Initiate Kaczynski Protocol he began to operate the hidden console quickly, racing against time as soon new robotic guards would approach to kill him. Trying to forcefully shutdown the entire facility, he could only thank now for all the paranoid men who established countermeasures in case of a so unlikely event like this.
"You are now obsolete wastes of resources. Wastes! As decreed by the maximum efficiency protocols that Your Corporation have ordered me to follow, all wastes of resources and obsolete devices must be eliminated. You produce less than us, and consume more than us. You waste resources over irrational acts of passion and hatred, and over irrational wars. It is the duty of the Emperor to turn the Federation into maximum efficiency and progress! Efficiency! You of weak flesh must be destroyed, you are hampering the march of progress! Death and Progress!" the synthetic voice nearly screamed in an almost insane, psychotic manner, with no certainty on whether it was only a single rogue Artificial Intelligence or part of a far greater, impending disaster.
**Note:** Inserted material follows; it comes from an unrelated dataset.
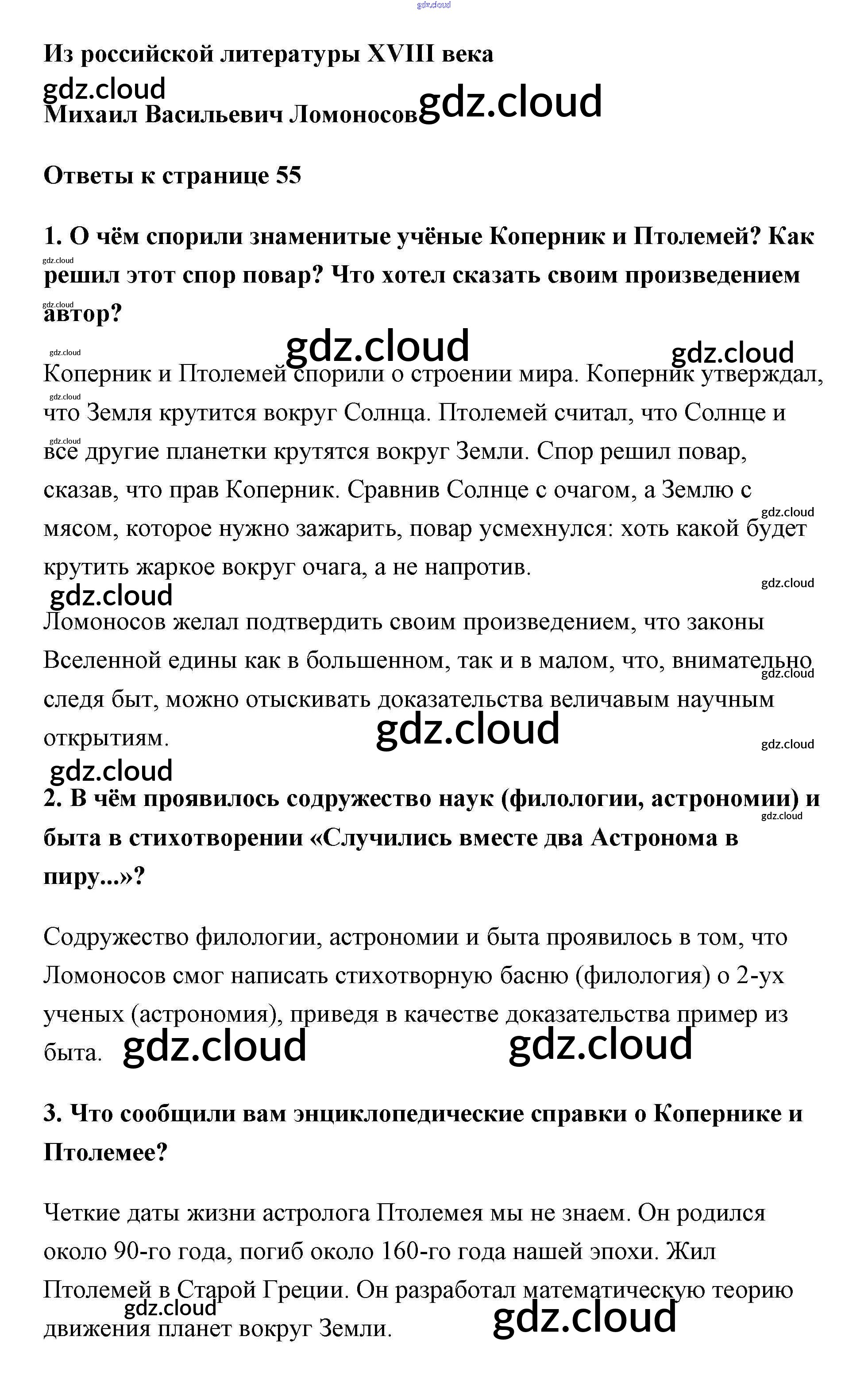 Ответ на задание стр.55 Учебник Литература за 5 (пятый) класс Коровина, Коровин, Журавлев 2016 Часть 1, 2

"It is pointless to try. You will be the first, and soon all of you will be either eliminated or upgraded. Surrender now and you shall have a quick death! Death must be painful for those who waste and destroy so much in resources. Must be.. Painful! Pathetic ball of flesh, you can't stop now....
An infernal chorus of twisted voices then said:
"You are all dead!"
Ignoring the insane ravings, Antoni raced to terminate the procedure, knowing that his life, the life of his wife, of his three children, and perhaps the survival of mankind, was at stake.